Records from a dataset:
"""
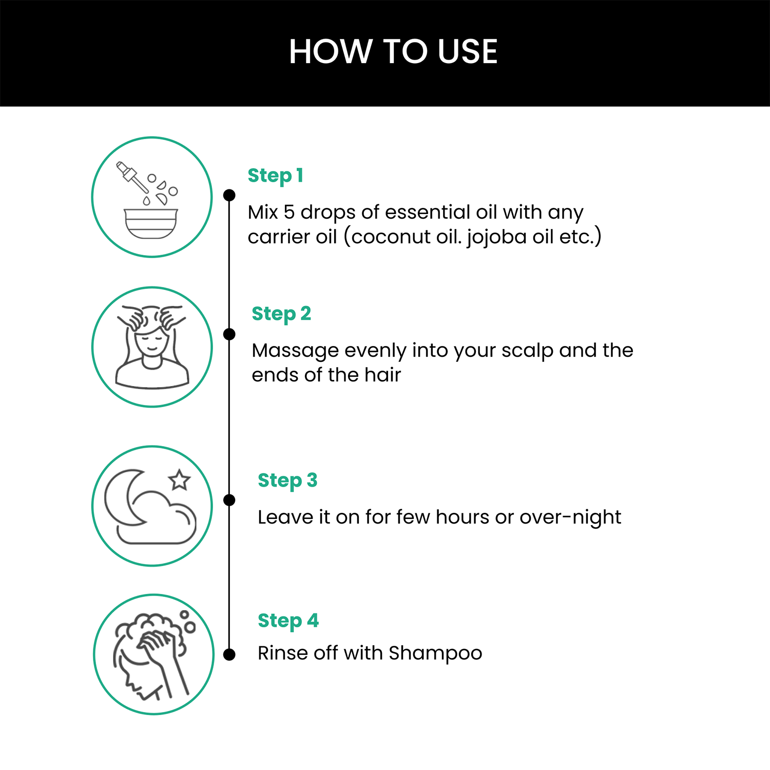 How to Use:Mix 5 drops of the essential oil with a carrier oil. Massage the mixture into your scalp and the length of your hair. Leave it on for a few hours or overnight, then wash it off thoroughly.
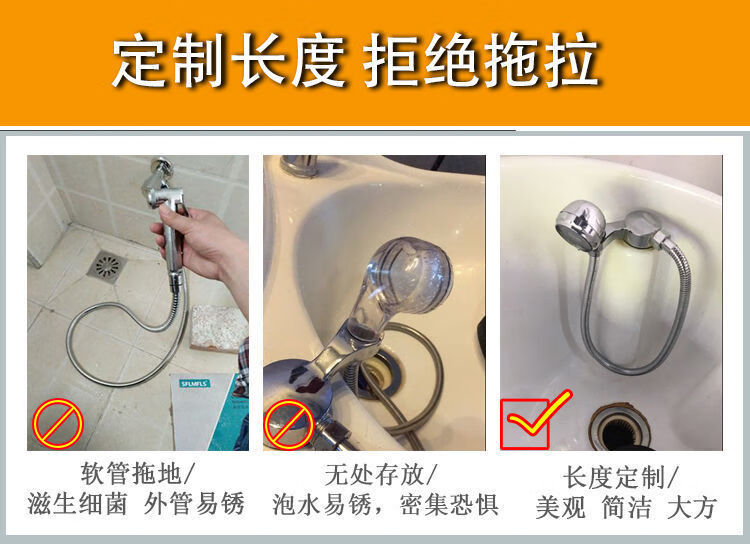 FANCYCHIC barber shop shampoo hose shampoo bed accessories universal shower hose beauty salon short durable bath shower double-head copper thickened universal interface 70 cm
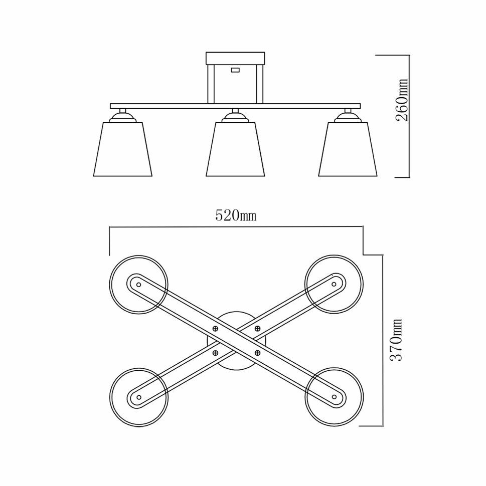 **Люстра подвесная** представляет собой осветительный элемент в виде двух перекрещенных планок, на концах каждой из которых и по центру присутствует трапециевидный стеклянный плафон. Модель изготовлена в лаконичном дизайне, органично смотрится в современных помещениях, украсит интерьеры гостиных, офисов, гостиничных номеров, баров. Может служить основным источником освещения для помещений площадью 18 м² и дополнительным — для больших комнат. Модель крепится к потолку на планку, которая вместе с саморезами идет в комплекте. Корпус светильника изготовлен из прочного, но легкого металла, покрытого антикоррозийным декоративным напылением. В качестве осветительных элементов выступают лампочки с цоколем Е27 (не идут в комплекте). Форму ламп можно подбирать любую : груша, свеча, гриб, свеча на ветру, большой и малый шар. Максимально допустимая мощность ламп — 60 Вт. Подойдут галогенные, филаментные, светодиодные или лампы накаливания.
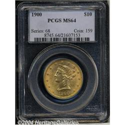 <B>1900<$10> MS64 PCGS.</B></I> While not a rare date, this issue is seldom encountered in higher grades. In fact, PCGS has only certified five examples finer than this. Very sharply struck with only a few light surface marks keeping this from the Gem category. <BR><BR><B>Important notice:</B> Heritage usually auctions material at the rate of 200-250 lots per hour. On some occasions eBay Live bid software or the Internet may not be able to keep up with the pace of the auction. We recommend placing a realistic absentee bid now as insurance to avoid disappointment. Occasionally the auctioneer may eliminate or reject an eBay Live bid, and the auctioneer may also reopen a lot after the close of the eBay live bidding (usually because we missed an audience bid), and may reject your bid even if it shows you as the winning bidder. By bidding via eBay Live, you agree that Heritage may award the lot to another bidder at its sole discretion under the circumstances described above or any other reasonable circumstances. Since eBay bids are not shown to us until we open the lot on the floor, we treat those bids just like floor bids. In most cases the floor responds before the eBay bid is presented to us, due to Internet lag time, so for consistency we have made it a policy that floor bids are always considered first over tie eBay live bids. Also please note that all Heritage lots purchased through eBay Live carry a 20% Buyer's Premium. Please make sure you read the Terms and Conditions before you bid. </span></font></tr></table></td></tr></table>
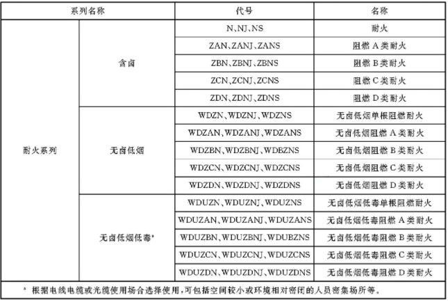 當有多種燃燒特性要求時,其代號按無鹵(含鹵省略)、低煙、低毒、阻燃和耐火的順序排列組合
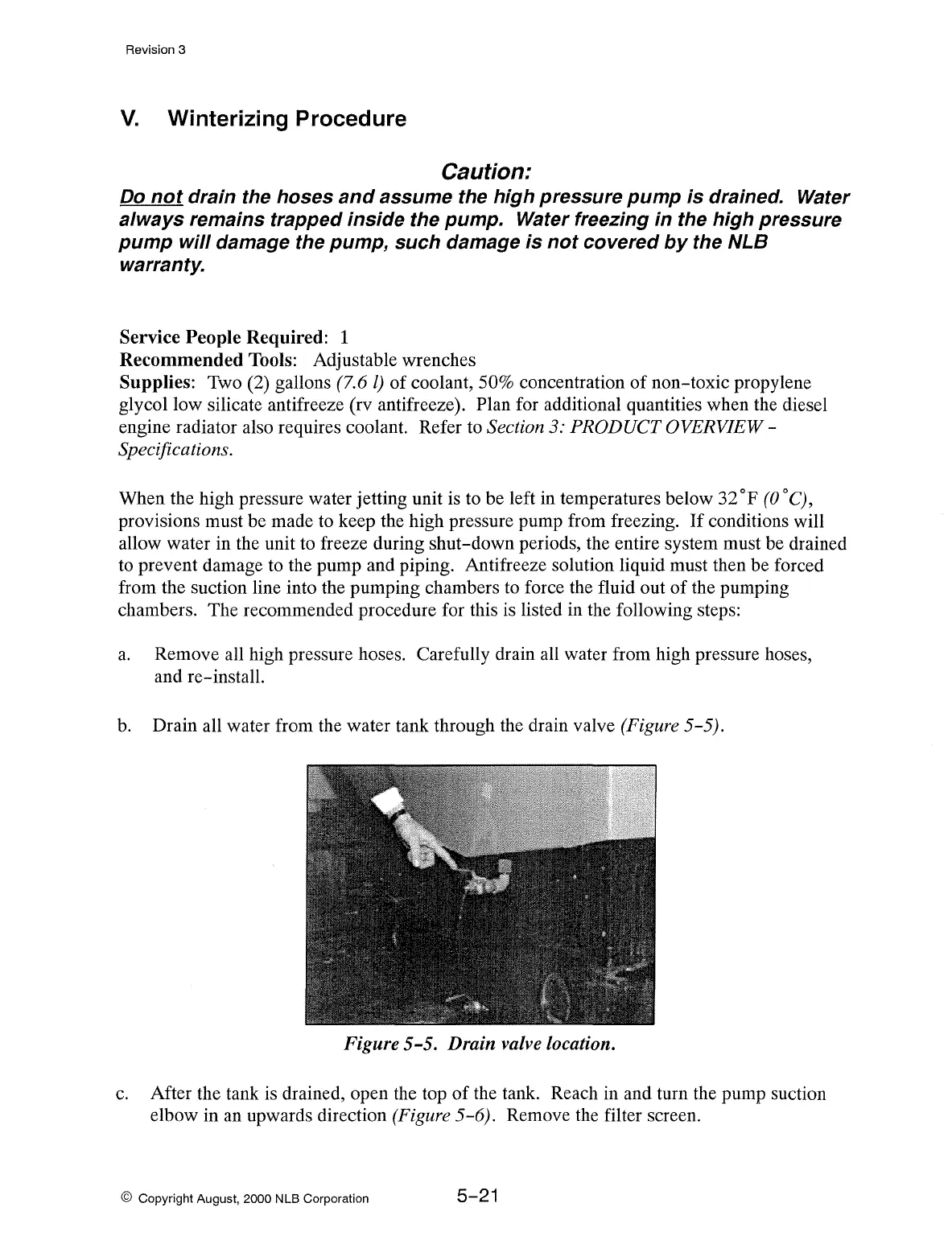 provisions must be made to keep the high pressure pump from freezing.
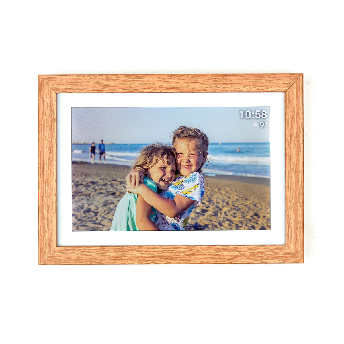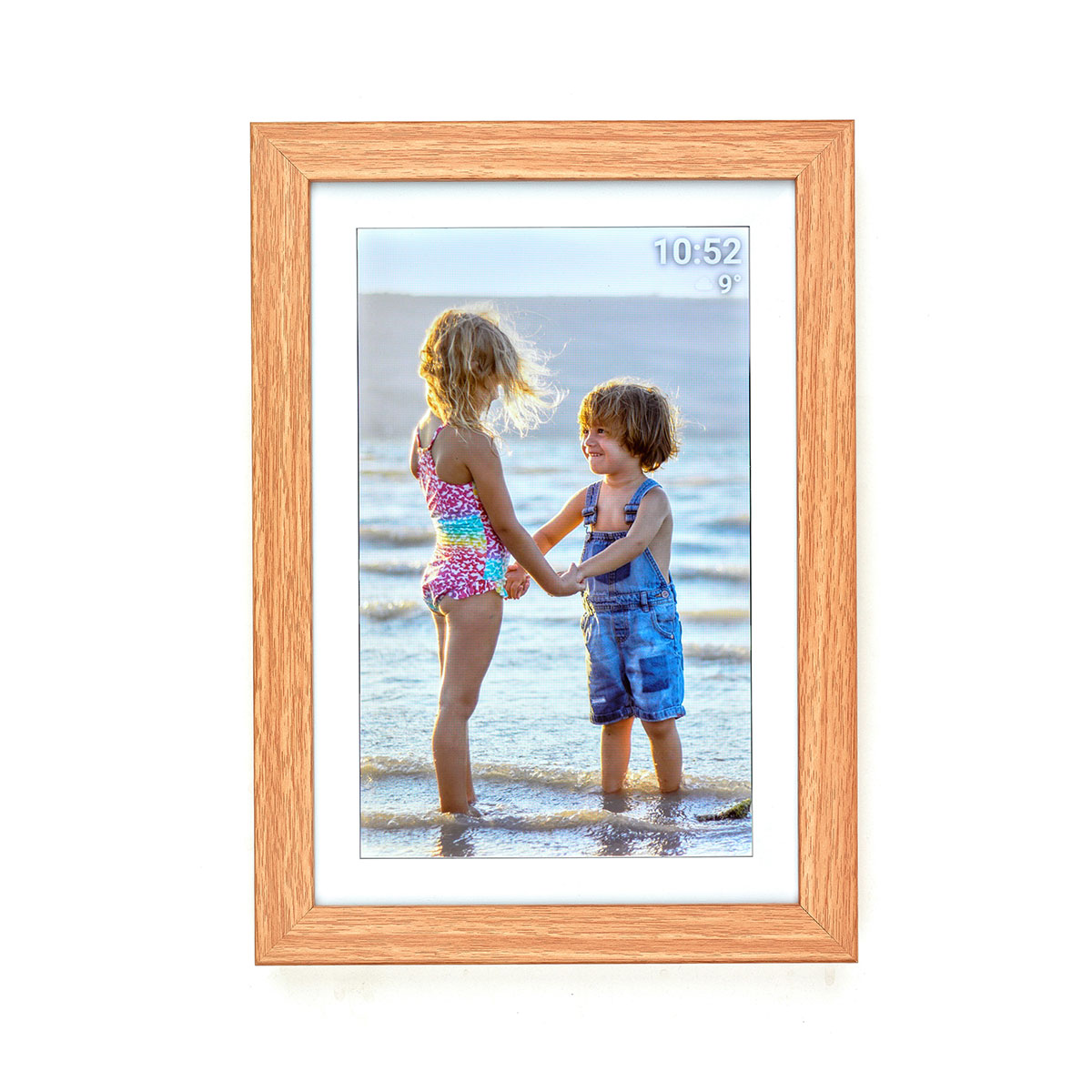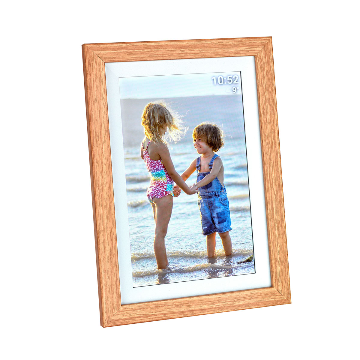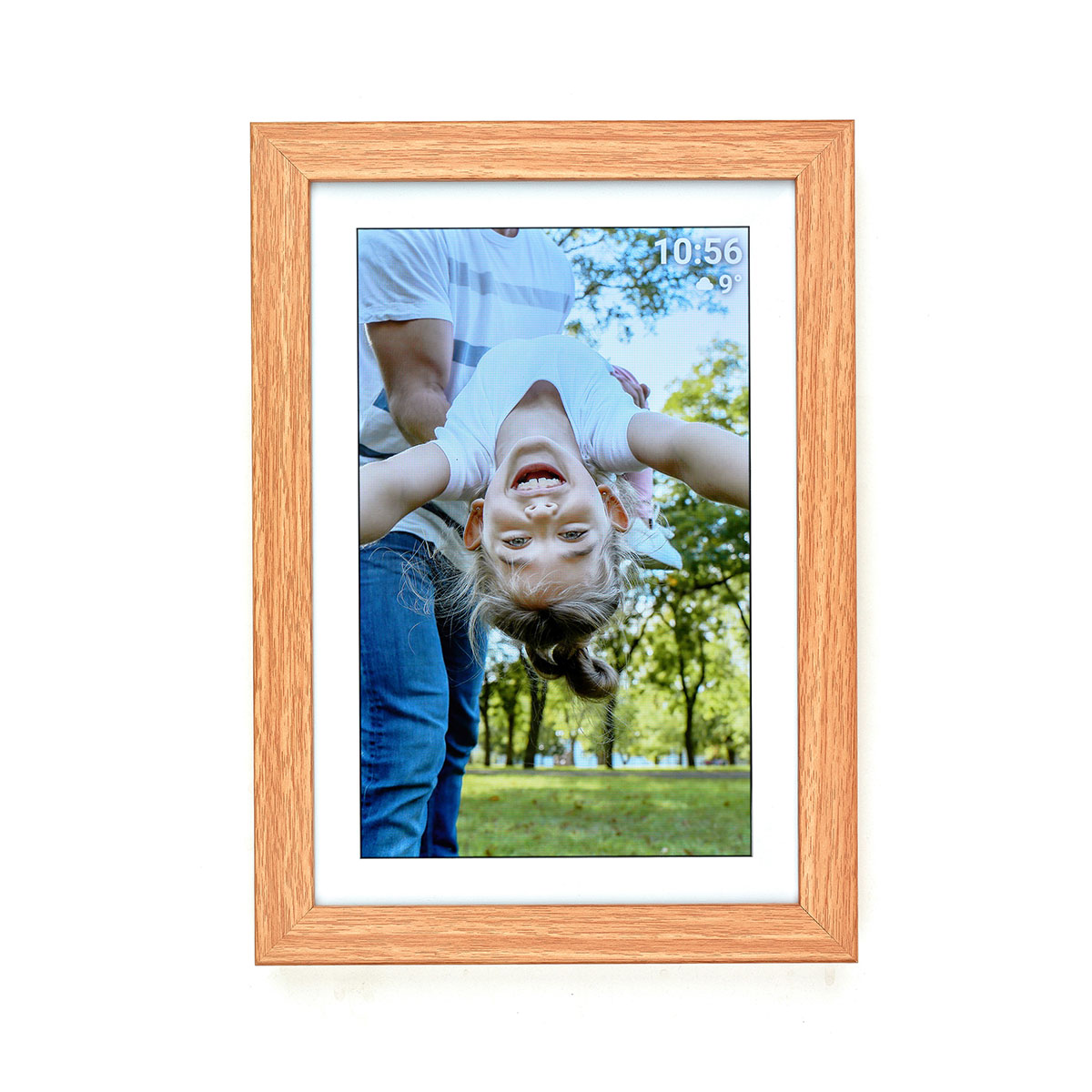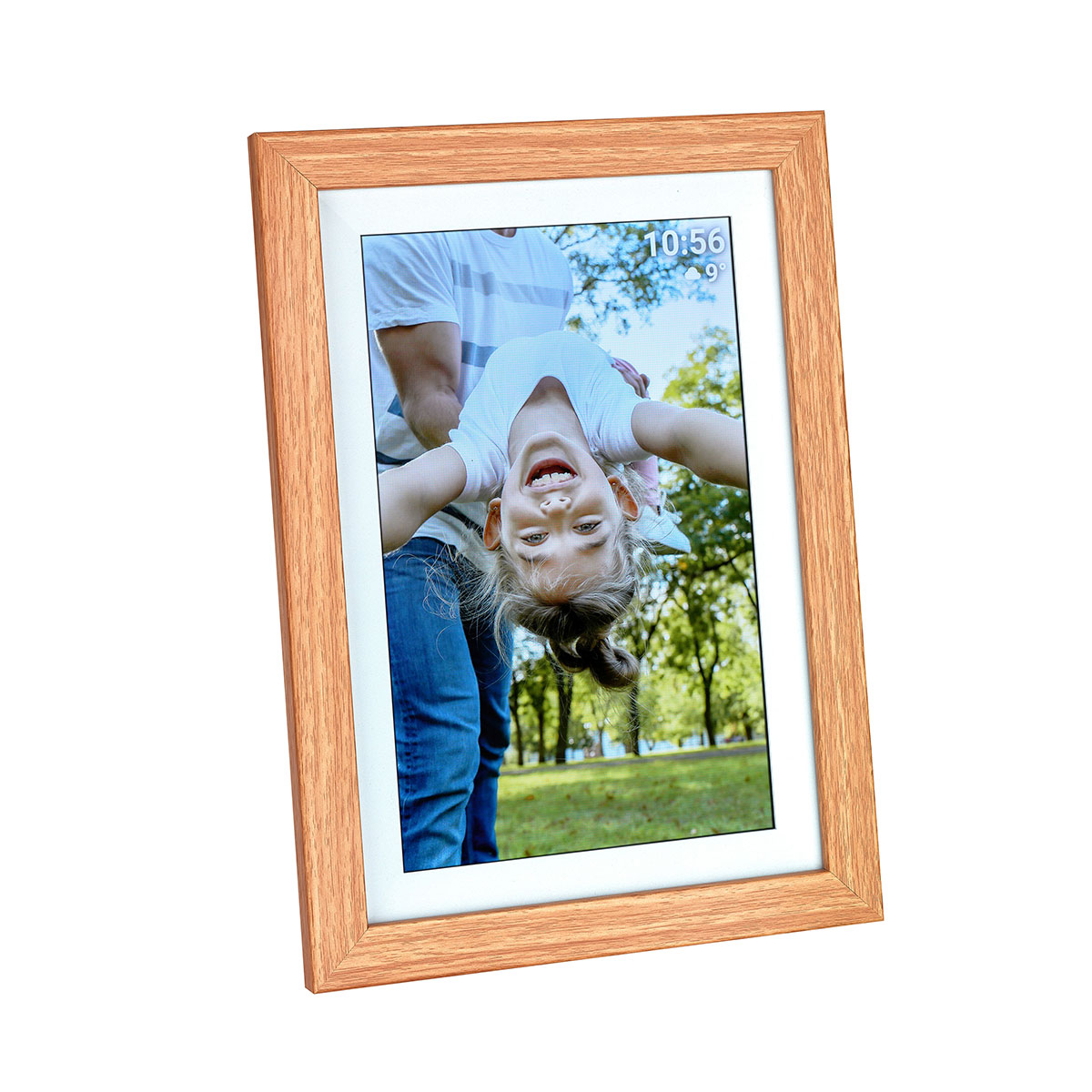 Der digitale Bilderrahmen FRAMEO besitzt einen hellen Rahmen in Holz-Optik, den Sie mithilfe des Standfußes sowohl im Quer- als auch im Hochformat aufstellen können. Oder Sie hängen ihn an die Wand, auch dafür sind mit der Aufhängeöse auf der Rückseite alle Vorkehrungen getroffen.
"""
** About this task **
Starting from the first line of the entries above, print each line exactly until the line containing "FANCYCHIC barber shop" has been printed, and skip the pictures.

** The completed task **
 How to Use:Mix 5 drops of the essential oil with a carrier oil. Massage the mixture into your scalp and the length of your hair. Leave it on for a few hours or overnight, then wash it off thoroughly.
 FANCYCHIC barber shop shampoo hose shampoo bed accessories universal shower hose beauty salon short durable bath shower double-head copper thickened universal interface 70 cm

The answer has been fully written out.